Since the PyTorch implementations of Light/Dynamic conv are quite memory intensive, we have developed CUDA kernels that implement the light and dynamic convolution operator in a memory-efficient and performant manner. For large sequence lengths, these kernels save about 50% memory compared to the PyTorch equivalent. 

To install the kernels, use the commands below. Once installed, they will automatically be used in place of the PyTorch implementations whenever a light or dynamic convolution is used.

```sh
# to install lightconv
cd fairseq/modules/lightconv_layer
python cuda_function_gen.py
python setup.py install

# to install dynamicconv
cd fairseq/modules/dynamicconv_layer
python cuda_function_gen.py
python setup.py install
```

### Preprocessing the training datasets

Please follow the instructions in [`examples/translation/README.md`](../translation/README.md) to preprocess the data.
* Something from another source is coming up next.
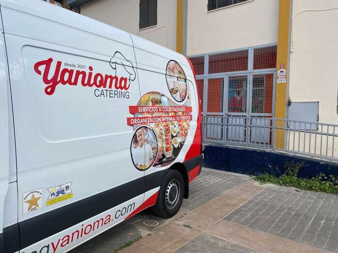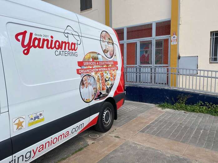 El furgón del catering que suministra comida al centro, junto a la puerta de acceso/TA. El furgón del catering que suministra comida al centro, junto a la puerta de acceso/TA.

### Training and evaluation options:
To use the model without GLU, please set `--encoder-glu 0 --decoder-glu 0`.
For LightConv, please use `--encoder-conv-type lightweight --decoder-conv-type lightweight`, otherwise the default is DynamicConv.
For best BLEU results, lenpen may need to be manually tuned.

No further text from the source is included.